-------- Materials provided --------

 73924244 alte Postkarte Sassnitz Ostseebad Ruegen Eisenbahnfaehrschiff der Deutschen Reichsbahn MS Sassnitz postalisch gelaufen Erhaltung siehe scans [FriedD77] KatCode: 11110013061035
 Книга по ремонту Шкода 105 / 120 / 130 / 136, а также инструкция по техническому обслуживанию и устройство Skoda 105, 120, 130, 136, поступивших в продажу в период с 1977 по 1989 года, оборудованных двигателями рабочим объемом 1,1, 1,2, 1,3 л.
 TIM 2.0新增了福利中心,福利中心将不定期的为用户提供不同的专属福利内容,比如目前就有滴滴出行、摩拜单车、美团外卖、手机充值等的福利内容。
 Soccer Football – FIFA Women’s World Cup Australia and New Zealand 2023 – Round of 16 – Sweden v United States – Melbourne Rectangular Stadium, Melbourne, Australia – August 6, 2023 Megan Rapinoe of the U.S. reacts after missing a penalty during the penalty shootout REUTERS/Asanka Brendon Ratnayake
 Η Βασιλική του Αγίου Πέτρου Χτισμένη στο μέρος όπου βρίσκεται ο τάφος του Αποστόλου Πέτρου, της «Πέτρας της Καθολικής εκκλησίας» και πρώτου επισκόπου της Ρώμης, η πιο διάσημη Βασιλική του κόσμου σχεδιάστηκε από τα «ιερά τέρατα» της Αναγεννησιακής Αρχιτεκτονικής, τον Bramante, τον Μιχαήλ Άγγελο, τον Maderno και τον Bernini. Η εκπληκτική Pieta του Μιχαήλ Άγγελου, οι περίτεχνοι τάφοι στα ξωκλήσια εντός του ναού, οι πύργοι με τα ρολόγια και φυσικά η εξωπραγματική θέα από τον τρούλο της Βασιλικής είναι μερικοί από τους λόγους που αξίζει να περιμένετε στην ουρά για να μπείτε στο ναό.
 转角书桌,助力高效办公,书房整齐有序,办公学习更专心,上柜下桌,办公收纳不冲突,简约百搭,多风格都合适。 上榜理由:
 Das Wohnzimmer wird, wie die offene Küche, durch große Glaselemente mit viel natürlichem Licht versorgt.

--------
-------- Materials provided --------

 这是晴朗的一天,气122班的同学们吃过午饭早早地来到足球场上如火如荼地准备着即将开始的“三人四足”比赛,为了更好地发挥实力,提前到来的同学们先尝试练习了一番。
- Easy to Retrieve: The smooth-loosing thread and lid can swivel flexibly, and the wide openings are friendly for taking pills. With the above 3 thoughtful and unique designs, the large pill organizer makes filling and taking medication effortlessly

--------

» Work instructions
Keeping every character as it is, restate the lines above that run from the line with "转角书桌,助力高效办公,书房" through the line with "Das Wohnzimmer wird, wie", both included, and nothing else.

» Answer to this problem
 转角书桌,助力高效办公,书房整齐有序,办公学习更专心,上柜下桌,办公收纳不冲突,简约百搭,多风格都合适。 上榜理由:
 Das Wohnzimmer wird, wie die offene Küche, durch große Glaselemente mit viel natürlichem Licht versorgt.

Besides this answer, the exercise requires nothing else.